With pictures excluded, output exactly the lines that run from the first line of the data below through the line containing "Схема организации работы".

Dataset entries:
╭──

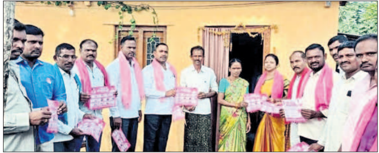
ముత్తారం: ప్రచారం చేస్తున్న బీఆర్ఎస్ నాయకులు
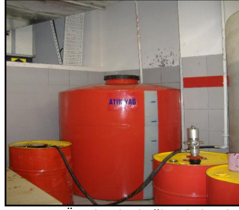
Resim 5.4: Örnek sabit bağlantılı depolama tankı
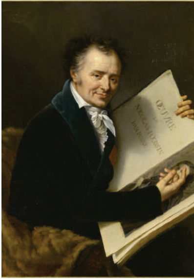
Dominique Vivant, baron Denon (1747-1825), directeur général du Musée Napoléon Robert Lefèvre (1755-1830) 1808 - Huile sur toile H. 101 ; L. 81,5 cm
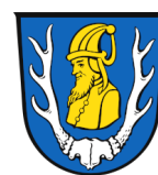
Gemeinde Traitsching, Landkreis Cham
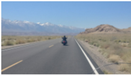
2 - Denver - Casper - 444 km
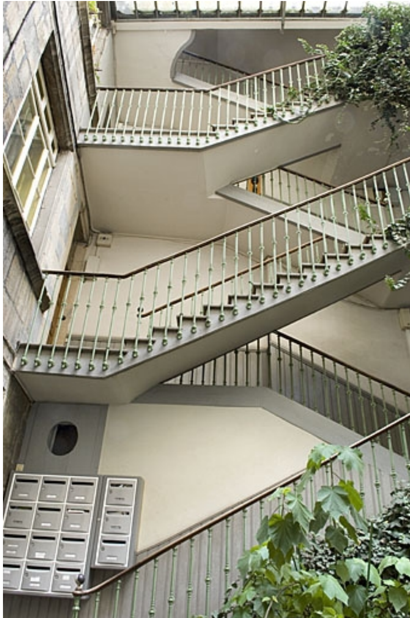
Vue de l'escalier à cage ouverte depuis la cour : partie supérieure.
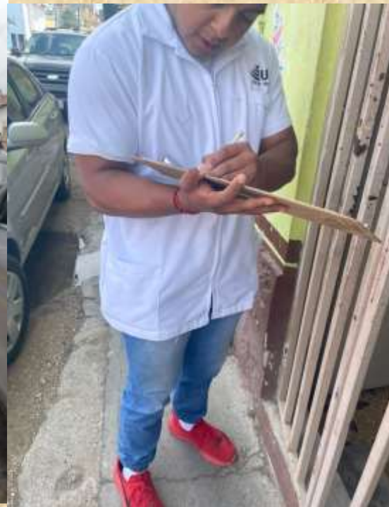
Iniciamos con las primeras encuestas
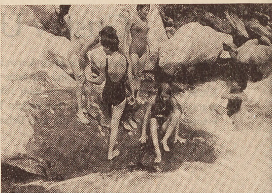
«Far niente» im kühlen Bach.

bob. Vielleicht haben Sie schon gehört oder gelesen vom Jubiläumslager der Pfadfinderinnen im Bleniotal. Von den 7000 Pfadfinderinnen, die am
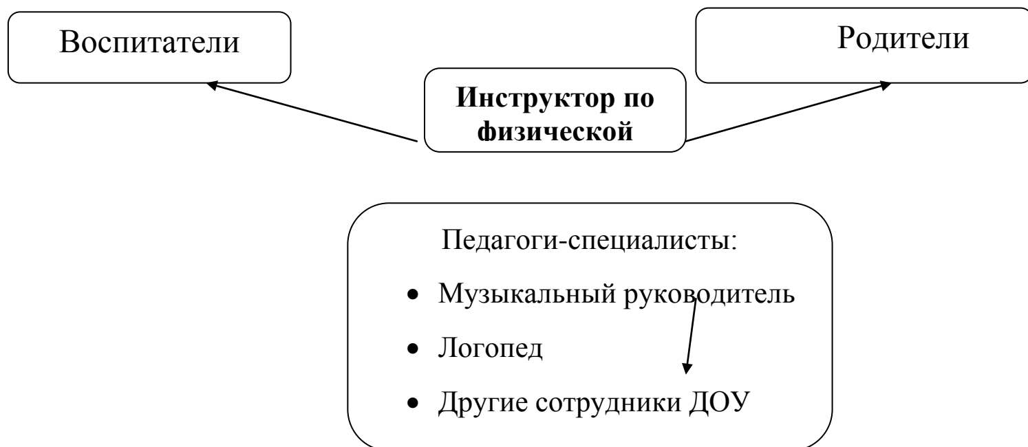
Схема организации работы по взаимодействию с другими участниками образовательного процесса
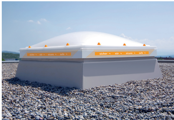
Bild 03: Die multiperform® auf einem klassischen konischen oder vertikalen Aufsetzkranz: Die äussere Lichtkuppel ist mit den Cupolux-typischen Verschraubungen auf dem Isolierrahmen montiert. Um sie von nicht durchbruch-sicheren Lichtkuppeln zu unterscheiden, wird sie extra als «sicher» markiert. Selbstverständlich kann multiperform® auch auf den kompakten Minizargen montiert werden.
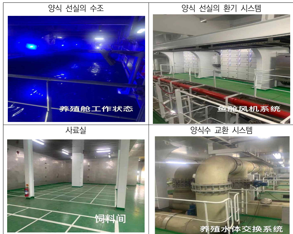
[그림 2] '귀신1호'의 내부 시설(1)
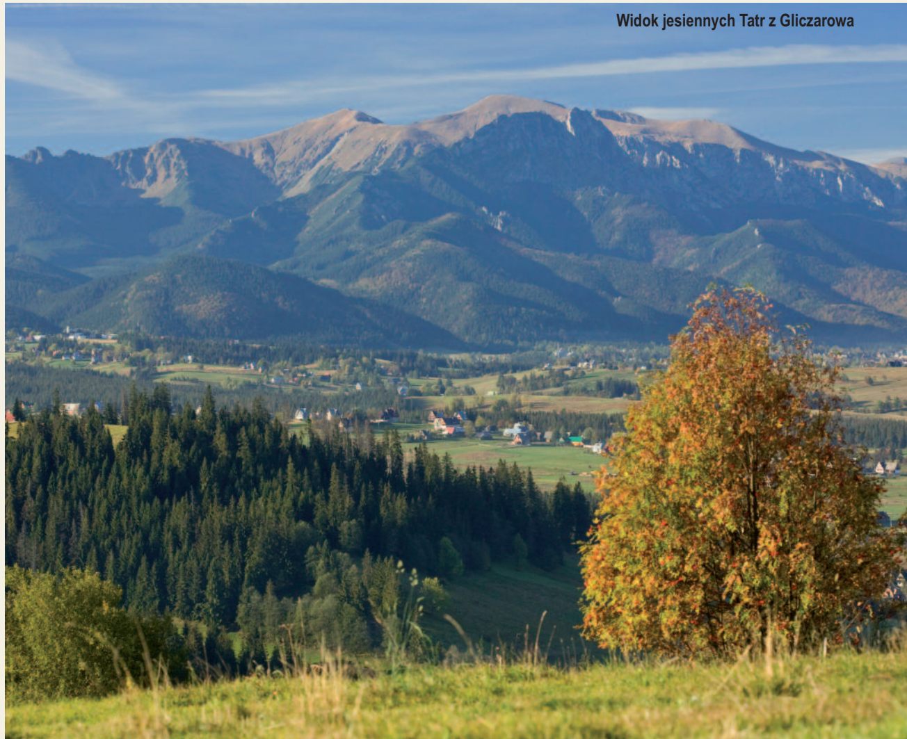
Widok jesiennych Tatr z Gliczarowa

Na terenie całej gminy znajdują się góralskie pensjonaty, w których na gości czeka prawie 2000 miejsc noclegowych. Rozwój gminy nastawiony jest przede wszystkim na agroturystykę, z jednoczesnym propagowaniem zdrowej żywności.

╰──

## Exercise solution
ముత్తారం: ప్రచారం చేస్తున్న బీఆర్ఎస్ నాయకులు
Resim 5.4: Örnek sabit bağlantılı depolama tankı
Dominique Vivant, baron Denon (1747-1825), directeur général du Musée Napoléon Robert Lefèvre (1755-1830) 1808 - Huile sur toile H. 101 ; L. 81,5 cm
Gemeinde Traitsching, Landkreis Cham
2 - Denver - Casper - 444 km
Vue de l'escalier à cage ouverte depuis la cour : partie supérieure.
Iniciamos con las primeras encuestas
«Far niente» im kühlen Bach.

bob. Vielleicht haben Sie schon gehört oder gelesen vom Jubiläumslager der Pfadfinderinnen im Bleniotal. Von den 7000 Pfadfinderinnen, die am
Схема организации работы по взаимодействию с другими участниками образовательного процесса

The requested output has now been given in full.